English phrases | Russian phrases | Turkish phrases
Translate.vc / Türkçe → Fransızca / [ H ] / Hit

Hit Çeviri Fransızca

918 parallel translation
Ve züğürt. Broadway'de yeni hit yapamaz.
Il est totalement démodé.
Hepsi de hit.
Vous avez raison, je n'aurai plus un succès à Broadway.
Broadway'de aynı anda dört hit yapacağımı.
Je ne les connais pas... Pour eux je suis voué à l'échec.
O üç adama verdiğin sözü tut ve Broadway'de dört hit birden yap.
Même le fameux diadème ainsi que des obligations.
Tek mevsimde dört hit.
Tué et enterré? Chez un barbier de Times Square.

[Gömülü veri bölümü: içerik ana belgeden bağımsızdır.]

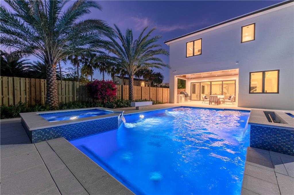 NEW CONSTRUCTION in the quaint neighborhood of Idlewyld. This transitional modern style home built by Brookman-Fels is warm and inviting. A gourmet kitchen opens to the family room overlooking a custom pool and a tranquil backyard experience complete with a summer kitchen. Detailed lighting and artistic finishes are subtle and elegant which create a relaxed aesthetic. A downstairs den/library overlooks private patio. The gourmet kitchen includes Thermador appliances, a beautiful refrigerator with a wine column, gas range and double ovens. The master suite has a balcony with views of the intracoastal as well as an incredible spa-like bathroom with floating double vanities, 2 water closets, a soaking tub, and frameless glass shower enclosure. A gorgeous home in a charming neighborhood.
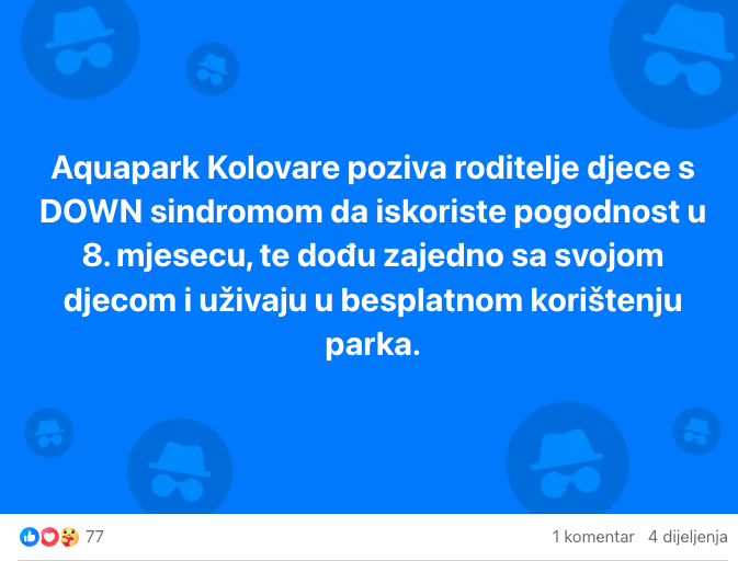 Aquapark Kolovare poziva roditelje djece s Down sindromom da iskoriste posebnu pogodnost tijekom mjeseca kolovoza. Kroz cijeli osmi mjesec djeca mogu uživati u besplatnom korištenju aquaparka. Ova inicijativa omogućava obiteljima kvalitetno vrijeme provedeno zajedno uz zabavu i opuštanje u vodenim atrakcijama aquaparka.
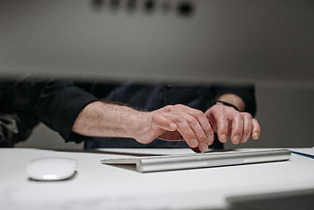 osoba používající myš, psaní na klávesnici, Moderní nastavení počítače, Kancelářské prostředí, Zaměřený detail, Elegantní klávesnice, počítačová myš, ruce psaní, moderní kancelář, počítačový stůl, pracovního prostoru
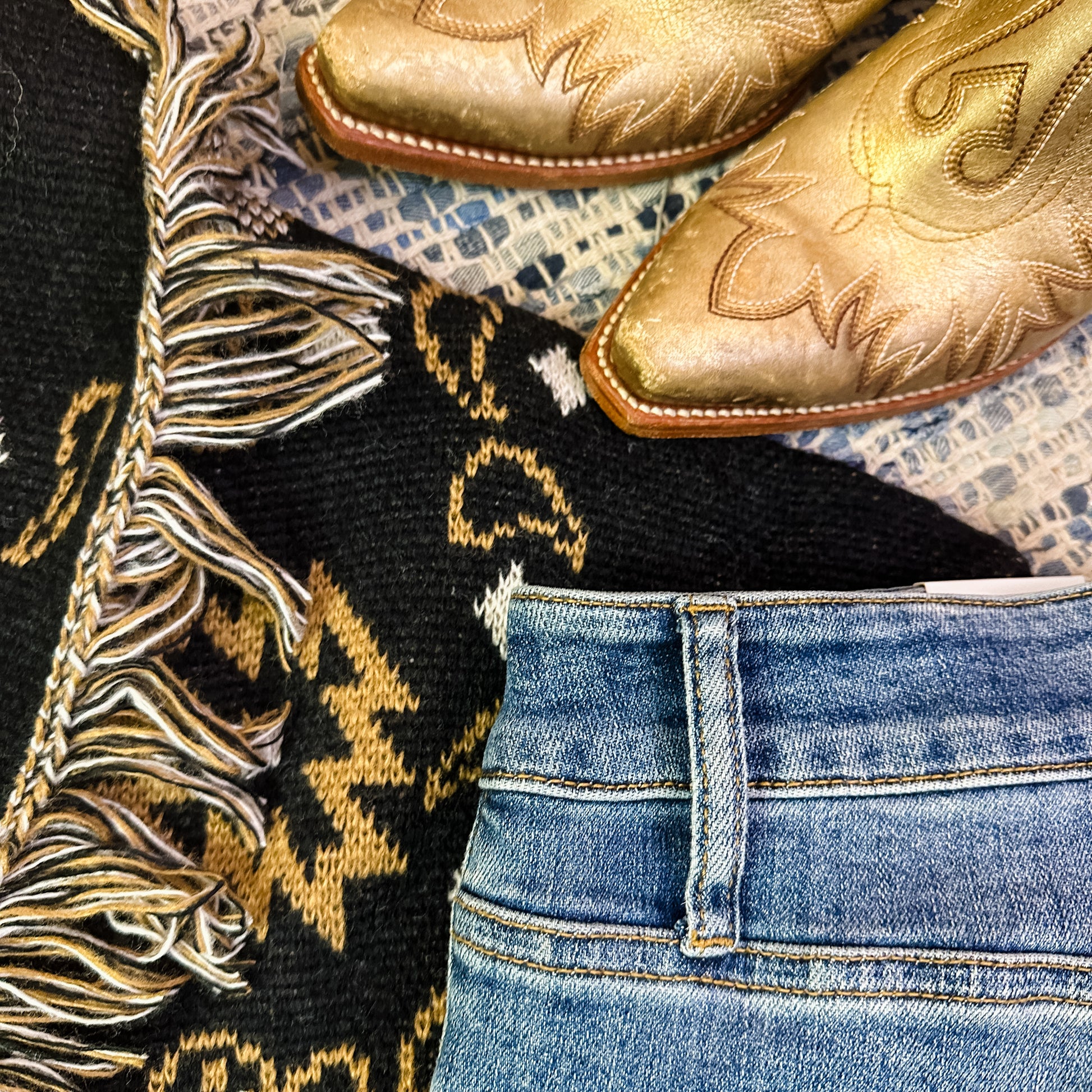 The Gambler is the ultimate sweater cardigan. This cardi features the fringe shaw collar. And if that's not western enough for you, just checkout the paisley and aztec knit design. We love the soft and neutral tones in the coloring. You'll feel quite posh wearing this sweater cardigan out to the honkytonks.

Ve sevilen şarkılar listesinin beş numarası.
Et 5e au hit-parade.
Hit şarkılarını duydum, oğlum.
J'ai entendu certaines de leurs chansons.
Kısa süre önce yıldızımız olan hanımefendi lütfetti güneyde hit yaptığı şarkıyı söylemeyi kabul etti.
Notre ancienne vedette, qui est ici en invitée... accepte de vous chanter la plus célèbre chanson du Sud.
Bu raporla mı? Sen beyaz listedeysen, biz de en çok satan plak listesindeyiz.
Oui, c'est ça, et nous, on figure dans le hit-parade!
Hit olacağız.
- Sensass! On va faire un tabac!
Bir hit. - Tebrikler. Sana çok şey borçluyuz.
Félicitations!
Annemin sözünü dinlemeliydim. Yalnız hit oyunlarda yer almamı söylemişti.
Ma mère m'avait conseillé de ne jouer que dans des succès.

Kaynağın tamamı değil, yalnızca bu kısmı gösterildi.